Abstract
Stabilization of optical sources are becoming more important in high precision measurements. Whispering gallery mode resonators are an ideal candidate for a cavity to stabilize laser diodes. Imperfections in the resonator act as scattering centers and reflect resonant modes, which allows the self-injection locking of the laser diode.
The work presented here studies the effect of optical feedback on distributed feedback and Fabry-Perot lasers by looking at the linewidth and stability. The resonator was fabricated from a lithium niobate crystal, which the quality factor was measured at 6.92 × 107. Linewidth was measured with two different self-heterodyne methods, both using an acoustooptic modulator of 100 MHz to induce a frequency shift. The first regime was the traditional method where the unmodified beam is delayed by a significant path length.
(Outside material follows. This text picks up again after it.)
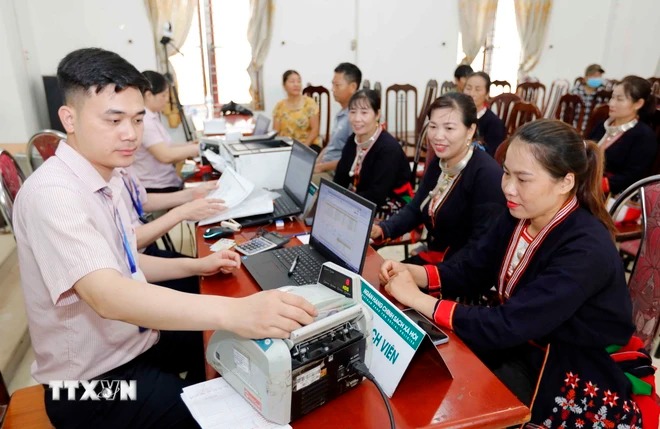Hoạt động giao dịch tại phòng giao dịch ngân hàng chính sách xã hội huyện Chợ Lách, Bến Tre. (Ảnh: Chương Đài/TTXVN)

The second was a modified method which recycles a portion of the heterodyne through the delay and acousto-optic modulator. This effectively increases the delay length by creating integer multiples of the beat frequency. The linewidth of the distributed feedback laser was measured has decreased from 63.9 kHz to 10 kHz with the feedback.
Stability of the Fabry-Perot laser was measured by calculating the Allan deviation. The Fabry-Perot laser was mixed with a reference ECDL with some offset frequency and the beat signal from the photodector was analysed by an oscilloscope. The Allan deviation was caculated by performing a fast Fourier transform at different averaging times. The Allan deviation of the Fabry-Perot laser decreased from 6022 Hz to 4089 Hz at the averaging time of 0.1 ms. Furthermore, the linewidth was calculated at the same averaging time, which decreased from 37.3 kHz to 33.2 kHz.